“I’m on the lookout for thieves,” the woman patrolling the cork forest next to our house told us.
I hadn’t thought of the area where we live as having a high crime rate.
“Oh yes,” she continued when we voiced our surprise. “They come here and steal cork bark and pine nuts from the trees.”
This is petty crime rural Portugal style.
When Andy posted the back cover blurb for her upcoming book, The Banana Road, on social media, a friend commented he didn’t realise life had been so dramatic at our house on Tenerife. This house was a former animal shed on a finca (a type of farm) and was squeezed between banana plantations, a pitch ‘n’ putt golf course, and a cat sanctuary whose cages were designed to hold crocodiles.
There was no reason why he should know. Whilst we’ve written reams about Tenerife over the years, most of it has been travel related rather than chronicles of our everyday life, however extraordinary that may have been at times. We used to say whenever we stepped out of the door we’d come back with a story to tell; that’s the sort of place it was. That’s the sort of place much of the north of Tenerife is. These weren’t necessarily big things, mostly incidents that made life a little bit more colourful. It might have been women from a nearby row of houses hugging the shade of their cottages as they played street bingo, or the time goats made off with Andy’s favourite cardigan … things like that. But sometimes events could be quite momentous, hence the book.
Now we live on a small farm on the edge of a cork forest in Palmela. A typical walk from the door will involve seeing storks, hoopoes, a buzzard or two, and maybe mongooses, or even pine nut thieves. That sentence would sound normal for the people who live around here, but maybe not to people who don’t. On Sunday I opened the sun umbrella on our back terrace to find a bat had moved in. Stuff like this happens on virtually a daily basis.

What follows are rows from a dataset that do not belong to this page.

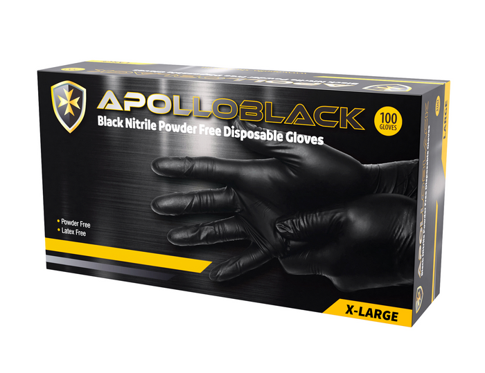 ApolloBlack Nitrile Black Powder Free Disposable Gloves provide excellent oil, grease, solvent and chemical resistance. They have excellent strength and offer more puncture resistance than latex and vinyl disposable gloves.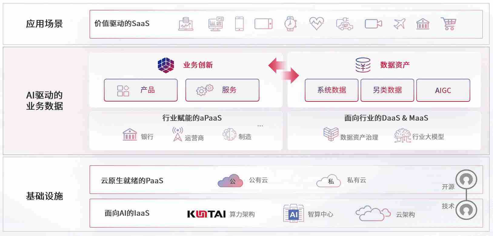 数字时代,,,,围绕企业数字化转型的关键要素,,,z6com尊龙数码开创性的提出数云融合战略和技术体系框架,,,,着力在云原生、、、、数字原生、、AI原生和信创产业上架构产品和服务能力,,,为处在不同数字化转型阶段的快消零售、、、、汽车、、、、金融、、、、医疗、、政企、、教育、、运营商等行业客户提供泛在的敏捷IT能力和融合的数据驱动能力,,,,构建跨界融合创新的数字业务场景和新业务模式,,,助力企业级客户建立面向未来的核心能力和竞争优势,,全面推动社会的数字化、、、智能化转型升级。。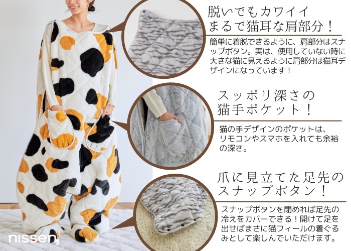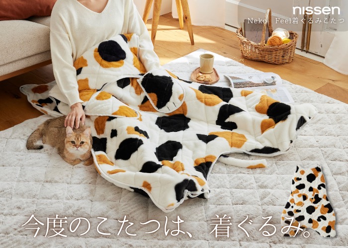 そんな「猫フィール」から新登場の本アイテムは、「猫×こたつ×着ぐるみ」という、これまでにない新しい発想から誕生。猫はこたつに入るとなかなか出てこない……あの至福を人間が“着て”持ち運べたら暖かそう という妄想が膨らみ、形になった商品です。

Whenever we travel, little oddities regularly fall into our laps. Like the time we found ourselves involved in a missing piglet search in the hills of El Hierro. An expat living on El Hierro commented that had never happened to them in all the years they’d lived there, as though we’d made it up. What can I say? When you walk the less well trodden paths these things happen. As I’m a photographer I usually have my camera in tow, so most of the time there’s photographic evidence to prove there’s no poetic licence involved.
I mentioned that whenever we left the house in the north of Tenerife we’d usually end up with a quirky story to tell. However, when we stayed in purpose-built resorts on the island, or purpose-built resorts anywhere for that matter, that was never the case. There would be stories, but they wouldn’t be quirky ones, or anything to do with traditional life on the island – like the time in Playa de las Américas touts tried to tempt us into a bar by promising there wouldn’t be any Spanish inside as Spanish weren’t allowed. Or the British compère in a bar warning its visiting British clientele to be careful of their handbags and wallets as there were ‘foreigners’ outside. Resorts are ideal for fun in the sun, but not so good for quirky insights into local life. Head ten minutes into the hills behind the resorts and it’s a different world.

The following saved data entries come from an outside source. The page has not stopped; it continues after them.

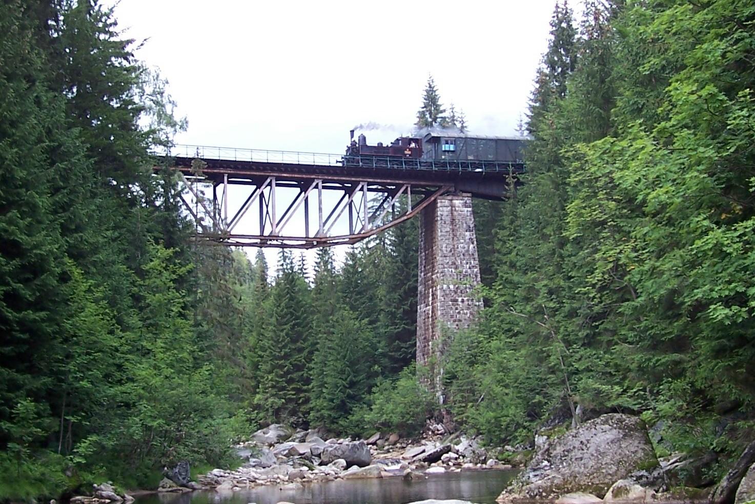Auf dem Bild ist eine 310 der CD auf der Iserbrücke in Richtung Korenov (Polaun) fahrend zu sehen. Bis 1945 war unter der Brücke in Flussmitte die Deutsch/Tschechische Grenze.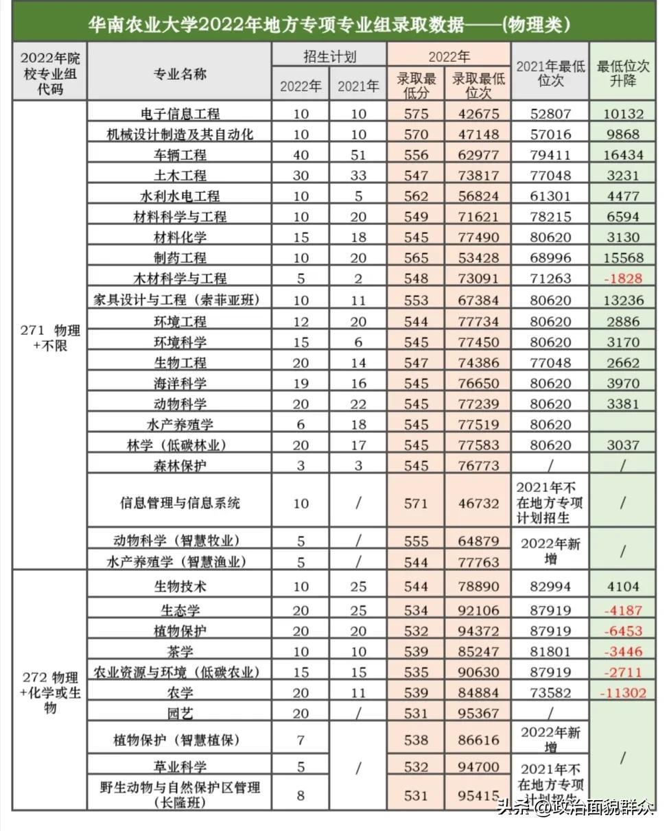 华农的地方专项仅在物理类招生,共有2个专业组,271专业组以非农专业为主,272专业组则以农学类专业为主。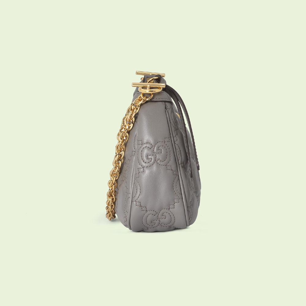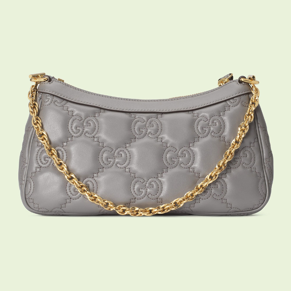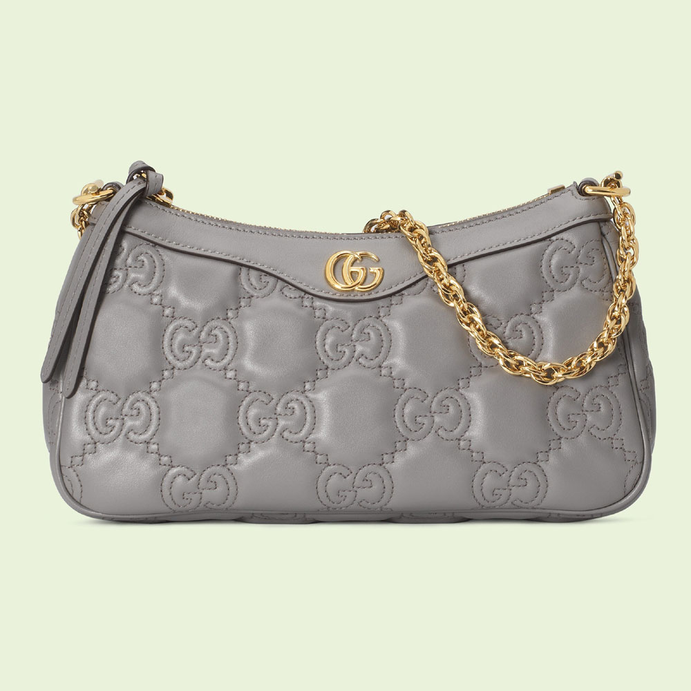 Matelasse leather is a signature material of the House. thanks to its super soft finish. The textured GG motif defines a selection of handbags. including this grey leather bag. The Double G hardware decorates the front. continuing the logo feel of the design.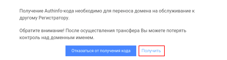 Сообщите регистратору email или телефон для получения Authinfo-кода. Для этого необходимо предоставить регистратору заявление от администратора домена:
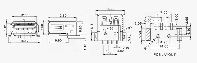 產(chǎn)品描述:USB AF 全貼片定位柱 1.05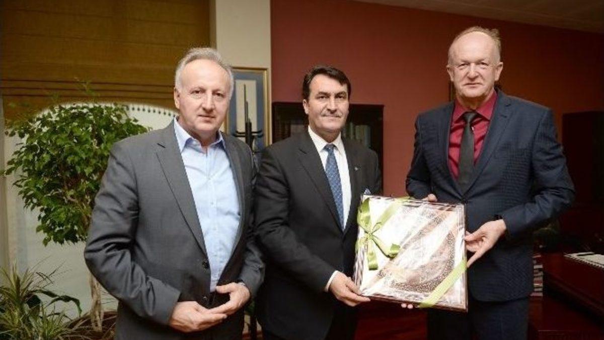 Bosna Hersek’in Olovo Belediye Başkanı Cemal Memadiç, Osmangazi Belediye Başkanı Mustafa Dündar’ı ziyaret etti. Mayıs ayında Bosna’da yaşanan sel felaketinde yaraların sarılması için vermiş olduğu desteklerden dolayı Dündar’a teşekkür eden Cemal, Osmangazi ve Olovo belediyeleri arasında ilişkileri güçlendirmek istediklerini söyledi.Makamında ağırladığı misafirlerinin ziyaretinden dolayı büyük mutluluk duyduğunu ifade eden Başkan Dündar, “Osmangazi Belediyesi olarak Balkan ülkeleri ile sıkı ilişkiler içerisindeyiz. Bulgaristan, Yunanistan, Bosna Hersek, Makedonya ve Kosova’da birçok kardeş belediyemiz var. Bosna Hersek’te de Stari Grad ve Doboy belediyeleri bizim kardeş belediyelerimiz. Stari Grad Belediyesi ile uzun süredir karşılıklı ilişkiler içerisindeyiz. Doboy Belediyesi ile de yeni kardeş belediye olduk. Geçtiğimiz aylarda yaşanan sel felaketinde de yaraların sarılması adına çeşitli çalışmalar yürüttük. İhtiyaçlara cevap vermeye çalıştık” dedi.Türkiye Cumhuriyeti ve Bosna Hersek arasında ikili ilişkilerin ileri düzeyde olduğunu kaydeden Başkan Dündar, “Biz de yerel yöneticiler olarak iki ülke arasındaki ilişkilerin çok daha iyi seviyelere gelmesi adına bir çok proje geliştiriyoruz ve bu konuda itici bir güç oluyoruz. Bugün bu ziyaretinizle başlayan ilişkilerimizi devam ettirmeyi isteriz. Biz de Bosna Hersek’e gelerek sizleri ziyaret etmek ve karşılıklı ilişkileri daha da güçlendirmek isteriz” diye konuştu.Olovo Belediye Başkanı Cemal Memadiç de geçtiğimiz Mayıs ayında yaşanan sel felaketinin yaralarının sarılmasında Osmangazi Belediyesi’nin en büyük destekçilerinden biri olduğunu belirterek, “Osmangazi Belediyesi, yardımlarını bizlerden esirgemeyerek birçok yardım TIR’ını bölgeye gönderdi. Yapılan yardımlar ihtiyaç sahiplerine ulaştı. Bölge halkı ve kendim adına sizlere çok teşekkür ederim” dedi.Bursa ve Olovo arasında ticari münasebetleri geliştirmek istediklerini ifade eden Cemal Memadiç, “Bosna Hersek Tekstil ve Deri Üreticileri Derneği heyetinin başkanı olarak Bursa’da, iş adamlarıyla çok önemli ve başarılı görüşmeler gerçekleştirdik. Bursa’nın tekstil potansiyelinden etkilendik. Yapmış olduğumuz ziyarette gördük ki tekstil sektörü iki ülkenin ekonomik ilişkilerinin çok daha ileri seviyeleri taşınması adına oldukça uygun. Bu konu üzerine yoğunlaşarak iki ülke arasındaki bağları daha da güçlendirmek istiyoruz. Bursalı iş adamlarıyla ortaklık kurmaya hazırız. Sizleri de Olova’ya davet ediyorum. Heyetinizle birlikte lütfen ziyaretimize gelin. İkili ilişkilerimizi geliştirelim” ifadelerini kullandı.Ziyaretin ardından Olovo Belediye Başkanı Cemal Memadiç, Başkan Dündar’a, Bosna Hersek’e ait simge mekanların bakır üzerine işlendiği bir tablo hediye etti.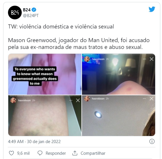 O jogador do Manchester United Mason Greenwood, de 20 anos, está sendo acusado pela namorada de violência doméstica. Harriet Robson divulgou na manhã deste domingo, em suas redes sociais, imagens fortes de escoriações pelo corpo e com a boca sangrando, além de um vídeo onde o atleta estaria tentado fazer com que ela tivesse relações sexuais com ele. A informação foi publicada inicialmente pela ESPN.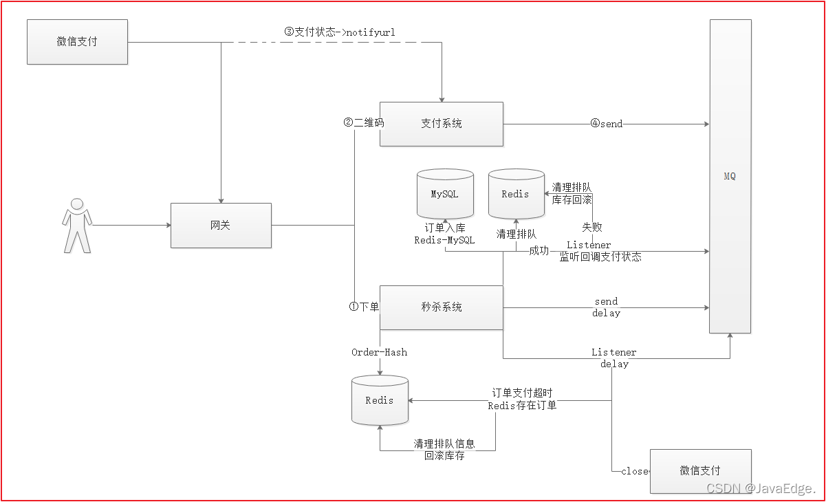 - 每次秒杀下单后调用支付系统,创建二维码。若用户支付成功,微信系统会将支付信息发给支付系统指定的回调地址,支付系统收到信息后,将信息发给MQ,第3个步骤就能监听到消息。

It’s not just to do with travelling to off the beaten track places, it’s also about being inquisitive, aka being nosey and asking questions. We treat travel much the same whether it’s for work or for pleasure. Out of these four – dining with a count in Northern Portugal; spending an afternoon at an illicit konoba on Hvar with two old friends discussing the Croat-Bosniak war; sharing wine with a sea captain/wine producer in a cellar in Dubrovnik which had already closed to the public when we stuck our heads around the door, hoping to buy a bottle of wine; and drinking vino del país (country wine) with a family of potato pickers as part of their harvest party in a field in the upper Orotava Valley on Tenerife – two were work, two weren’t. The two that weren’t just happened. In both cases because one of us asked a question. People who are interested in their surroundings will have interesting experiences.

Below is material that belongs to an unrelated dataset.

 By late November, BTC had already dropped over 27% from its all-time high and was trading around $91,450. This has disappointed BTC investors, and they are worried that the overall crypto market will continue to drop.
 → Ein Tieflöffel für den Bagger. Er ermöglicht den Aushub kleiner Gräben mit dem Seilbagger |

But the travel stories you end up with in your suitcase often do just depend on the places you visit, it can be as simple as that.
Where you live can deliver similar results. If we were in an apartment in Albufeira it’s unlikely we’d find the same cast of quirky characters as there is in this area of farmers and fishermen south of Lisbon.
So, as anyone who has relocated to a location which is away from the main tourist drag anywhere knows, there’s absolutely no need to exaggerate stories when life unravels its rich tapestry on such a regular basis.